Excerpts from a dataset:
· · · · · · ·

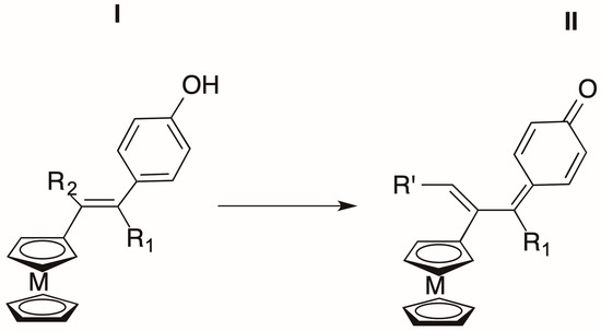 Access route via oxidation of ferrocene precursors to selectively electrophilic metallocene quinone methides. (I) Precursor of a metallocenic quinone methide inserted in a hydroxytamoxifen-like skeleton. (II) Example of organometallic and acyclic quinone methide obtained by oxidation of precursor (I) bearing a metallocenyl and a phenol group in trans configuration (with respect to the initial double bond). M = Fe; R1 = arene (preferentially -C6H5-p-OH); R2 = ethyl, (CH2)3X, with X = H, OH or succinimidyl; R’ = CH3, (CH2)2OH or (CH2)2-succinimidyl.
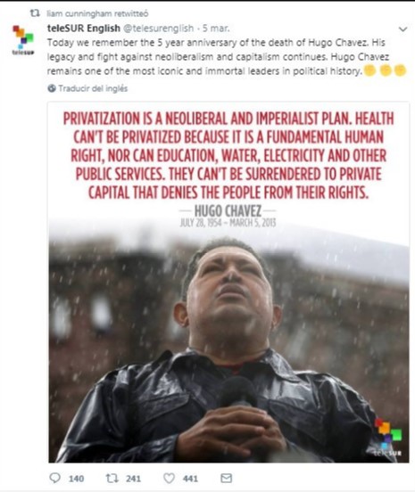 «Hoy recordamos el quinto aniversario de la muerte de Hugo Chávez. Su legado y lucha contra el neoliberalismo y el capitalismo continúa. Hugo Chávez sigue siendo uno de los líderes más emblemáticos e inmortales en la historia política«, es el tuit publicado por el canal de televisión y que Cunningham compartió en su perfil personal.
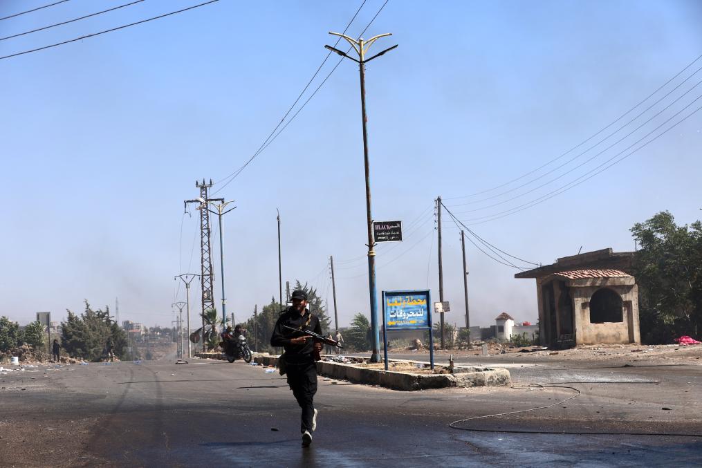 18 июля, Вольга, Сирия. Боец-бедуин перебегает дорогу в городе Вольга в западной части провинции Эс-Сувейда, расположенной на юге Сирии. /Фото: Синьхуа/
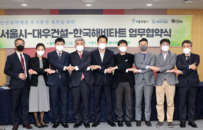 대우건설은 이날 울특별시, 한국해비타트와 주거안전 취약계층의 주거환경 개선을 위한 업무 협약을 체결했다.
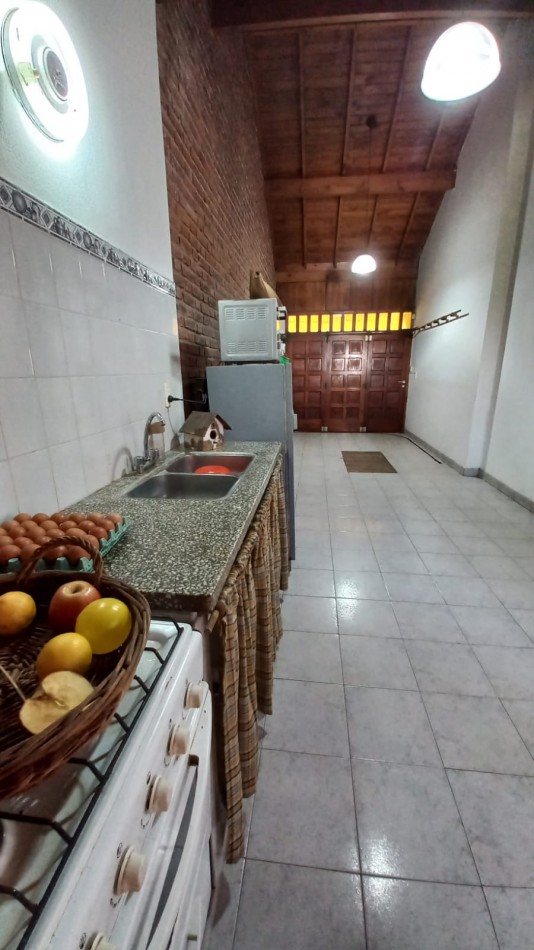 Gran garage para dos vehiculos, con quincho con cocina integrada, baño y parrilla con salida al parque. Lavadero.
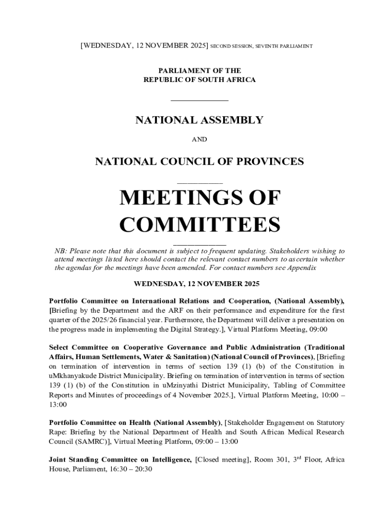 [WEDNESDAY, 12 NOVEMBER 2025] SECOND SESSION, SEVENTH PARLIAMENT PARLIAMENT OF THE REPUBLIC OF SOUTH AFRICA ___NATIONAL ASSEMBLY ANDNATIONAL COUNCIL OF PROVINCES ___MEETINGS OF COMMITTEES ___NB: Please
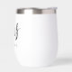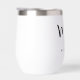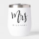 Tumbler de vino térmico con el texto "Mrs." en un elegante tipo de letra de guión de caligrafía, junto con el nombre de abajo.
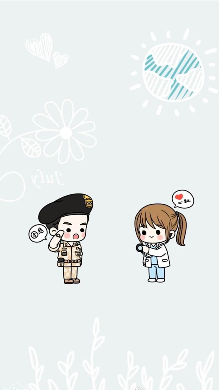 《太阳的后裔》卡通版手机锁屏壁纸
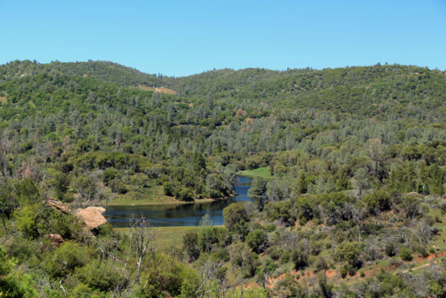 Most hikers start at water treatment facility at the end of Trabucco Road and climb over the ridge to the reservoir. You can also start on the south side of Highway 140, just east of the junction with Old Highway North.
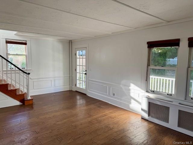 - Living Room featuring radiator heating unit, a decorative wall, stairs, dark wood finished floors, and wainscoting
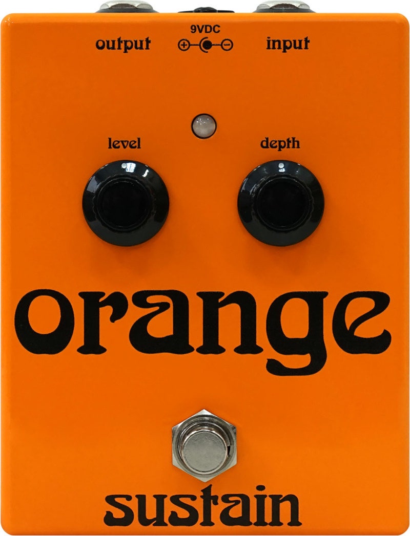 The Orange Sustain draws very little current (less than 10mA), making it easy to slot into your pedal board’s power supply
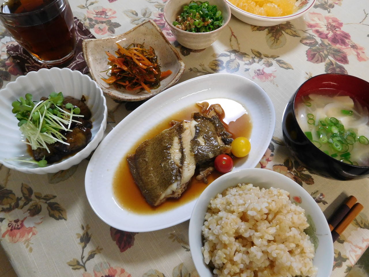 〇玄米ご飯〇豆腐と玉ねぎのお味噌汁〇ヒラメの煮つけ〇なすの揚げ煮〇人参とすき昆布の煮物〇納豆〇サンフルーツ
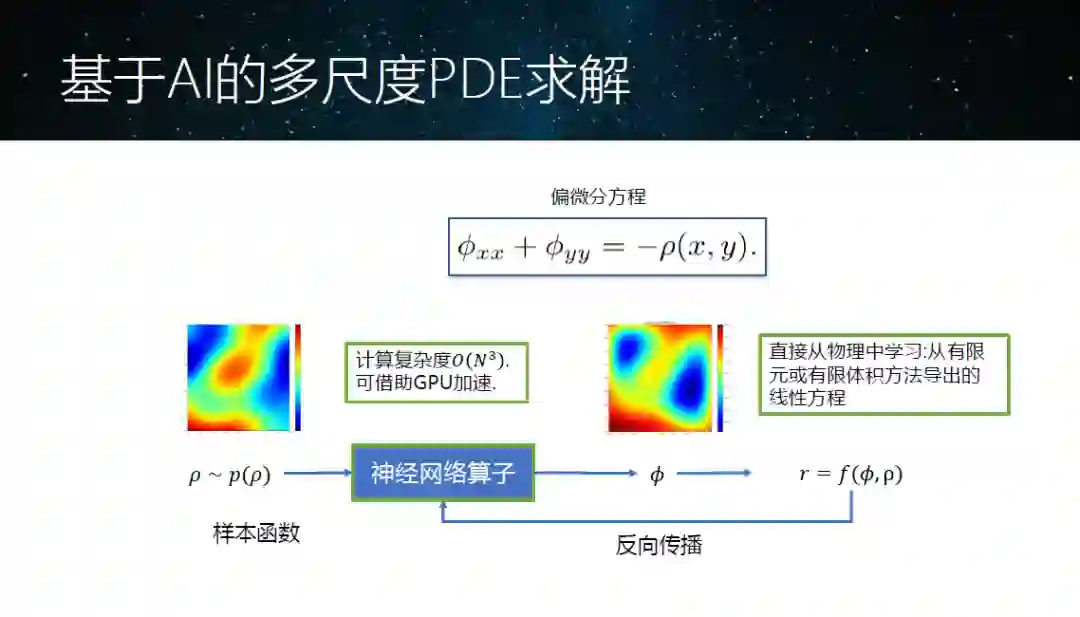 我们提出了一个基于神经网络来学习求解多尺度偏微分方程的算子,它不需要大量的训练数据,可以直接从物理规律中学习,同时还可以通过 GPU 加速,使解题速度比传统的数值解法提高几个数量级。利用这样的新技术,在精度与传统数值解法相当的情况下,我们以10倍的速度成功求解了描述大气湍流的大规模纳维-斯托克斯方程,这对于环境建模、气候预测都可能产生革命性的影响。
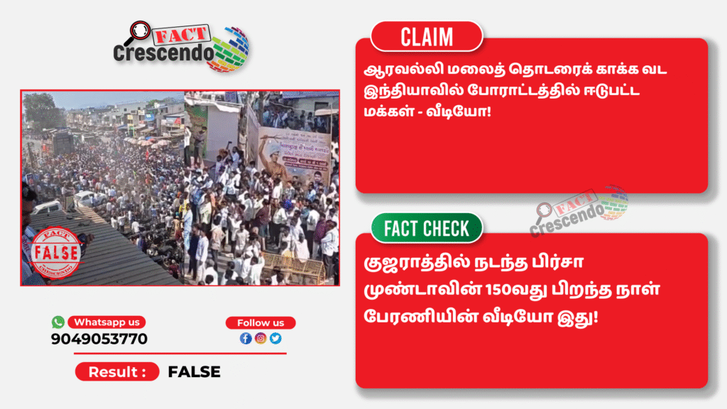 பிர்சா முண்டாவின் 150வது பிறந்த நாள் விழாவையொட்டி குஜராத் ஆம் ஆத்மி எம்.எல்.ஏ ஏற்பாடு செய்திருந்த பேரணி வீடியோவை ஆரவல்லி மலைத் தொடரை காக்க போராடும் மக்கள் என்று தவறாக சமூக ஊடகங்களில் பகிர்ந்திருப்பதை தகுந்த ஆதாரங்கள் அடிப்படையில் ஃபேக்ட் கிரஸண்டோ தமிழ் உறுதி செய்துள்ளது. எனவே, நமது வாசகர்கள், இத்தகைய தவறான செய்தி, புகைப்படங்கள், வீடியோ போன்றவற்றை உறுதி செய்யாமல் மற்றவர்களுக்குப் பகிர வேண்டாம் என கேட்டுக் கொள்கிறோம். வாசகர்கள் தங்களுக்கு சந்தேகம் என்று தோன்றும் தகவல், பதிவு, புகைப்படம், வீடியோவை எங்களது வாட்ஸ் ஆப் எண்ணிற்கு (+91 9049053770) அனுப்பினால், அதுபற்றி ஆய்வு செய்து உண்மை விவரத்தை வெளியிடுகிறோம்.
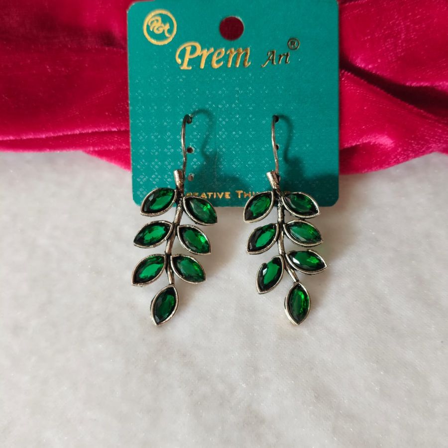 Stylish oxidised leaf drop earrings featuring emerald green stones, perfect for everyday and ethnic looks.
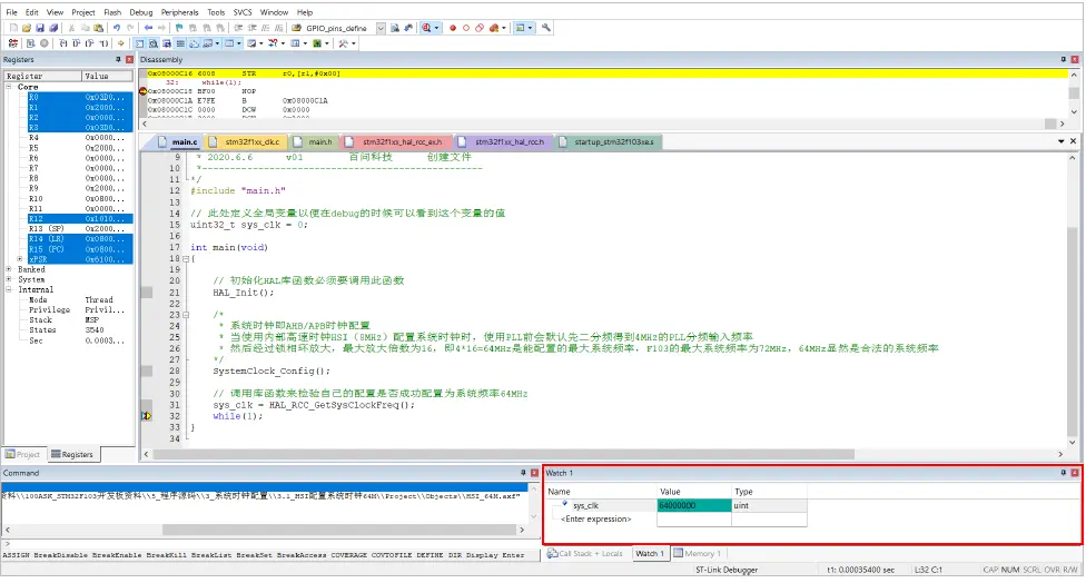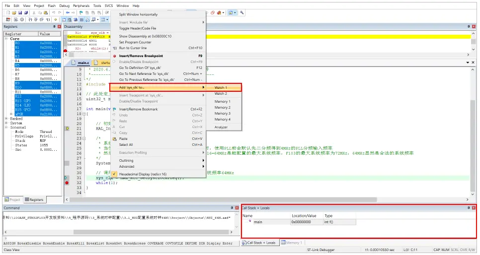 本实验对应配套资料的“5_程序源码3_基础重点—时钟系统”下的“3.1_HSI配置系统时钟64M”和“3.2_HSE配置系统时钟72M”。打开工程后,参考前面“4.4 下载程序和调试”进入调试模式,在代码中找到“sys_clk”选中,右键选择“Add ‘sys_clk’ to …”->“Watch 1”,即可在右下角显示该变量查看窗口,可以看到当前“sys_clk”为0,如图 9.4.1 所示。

· · · · · · ·

__THE TASK__:
Omitting all pictures, copy the preceding entries without any alteration.

__EXERCISE ANSWER__:
 Access route via oxidation of ferrocene precursors to selectively electrophilic metallocene quinone methides. (I) Precursor of a metallocenic quinone methide inserted in a hydroxytamoxifen-like skeleton. (II) Example of organometallic and acyclic quinone methide obtained by oxidation of precursor (I) bearing a metallocenyl and a phenol group in trans configuration (with respect to the initial double bond). M = Fe; R1 = arene (preferentially -C6H5-p-OH); R2 = ethyl, (CH2)3X, with X = H, OH or succinimidyl; R’ = CH3, (CH2)2OH or (CH2)2-succinimidyl.
 «Hoy recordamos el quinto aniversario de la muerte de Hugo Chávez. Su legado y lucha contra el neoliberalismo y el capitalismo continúa. Hugo Chávez sigue siendo uno de los líderes más emblemáticos e inmortales en la historia política«, es el tuit publicado por el canal de televisión y que Cunningham compartió en su perfil personal.
 18 июля, Вольга, Сирия. Боец-бедуин перебегает дорогу в городе Вольга в западной части провинции Эс-Сувейда, расположенной на юге Сирии. /Фото: Синьхуа/
 대우건설은 이날 울특별시, 한국해비타트와 주거안전 취약계층의 주거환경 개선을 위한 업무 협약을 체결했다.
 Gran garage para dos vehiculos, con quincho con cocina integrada, baño y parrilla con salida al parque. Lavadero.
 [WEDNESDAY, 12 NOVEMBER 2025] SECOND SESSION, SEVENTH PARLIAMENT PARLIAMENT OF THE REPUBLIC OF SOUTH AFRICA ___NATIONAL ASSEMBLY ANDNATIONAL COUNCIL OF PROVINCES ___MEETINGS OF COMMITTEES ___NB: Please
 Tumbler de vino térmico con el texto "Mrs." en un elegante tipo de letra de guión de caligrafía, junto con el nombre de abajo.
 《太阳的后裔》卡通版手机锁屏壁纸
 Most hikers start at water treatment facility at the end of Trabucco Road and climb over the ridge to the reservoir. You can also start on the south side of Highway 140, just east of the junction with Old Highway North.
 - Living Room featuring radiator heating unit, a decorative wall, stairs, dark wood finished floors, and wainscoting
 The Orange Sustain draws very little current (less than 10mA), making it easy to slot into your pedal board’s power supply
 〇玄米ご飯〇豆腐と玉ねぎのお味噌汁〇ヒラメの煮つけ〇なすの揚げ煮〇人参とすき昆布の煮物〇納豆〇サンフルーツ
 我们提出了一个基于神经网络来学习求解多尺度偏微分方程的算子,它不需要大量的训练数据,可以直接从物理规律中学习,同时还可以通过 GPU 加速,使解题速度比传统的数值解法提高几个数量级。利用这样的新技术,在精度与传统数值解法相当的情况下,我们以10倍的速度成功求解了描述大气湍流的大规模纳维-斯托克斯方程,这对于环境建模、气候预测都可能产生革命性的影响。
 பிர்சா முண்டாவின் 150வது பிறந்த நாள் விழாவையொட்டி குஜராத் ஆம் ஆத்மி எம்.எல்.ஏ ஏற்பாடு செய்திருந்த பேரணி வீடியோவை ஆரவல்லி மலைத் தொடரை காக்க போராடும் மக்கள் என்று தவறாக சமூக ஊடகங்களில் பகிர்ந்திருப்பதை தகுந்த ஆதாரங்கள் அடிப்படையில் ஃபேக்ட் கிரஸண்டோ தமிழ் உறுதி செய்துள்ளது. எனவே, நமது வாசகர்கள், இத்தகைய தவறான செய்தி, புகைப்படங்கள், வீடியோ போன்றவற்றை உறுதி செய்யாமல் மற்றவர்களுக்குப் பகிர வேண்டாம் என கேட்டுக் கொள்கிறோம். வாசகர்கள் தங்களுக்கு சந்தேகம் என்று தோன்றும் தகவல், பதிவு, புகைப்படம், வீடியோவை எங்களது வாட்ஸ் ஆப் எண்ணிற்கு (+91 9049053770) அனுப்பினால், அதுபற்றி ஆய்வு செய்து உண்மை விவரத்தை வெளியிடுகிறோம்.
 Stylish oxidised leaf drop earrings featuring emerald green stones, perfect for everyday and ethnic looks.
 本实验对应配套资料的“5_程序源码3_基础重点—时钟系统”下的“3.1_HSI配置系统时钟64M”和“3.2_HSE配置系统时钟72M”。打开工程后,参考前面“4.4 下载程序和调试”进入调试模式,在代码中找到“sys_clk”选中,右键选择“Add ‘sys_clk’ to …”->“Watch 1”,即可在右下角显示该变量查看窗口,可以看到当前“sys_clk”为0,如图 9.4.1 所示。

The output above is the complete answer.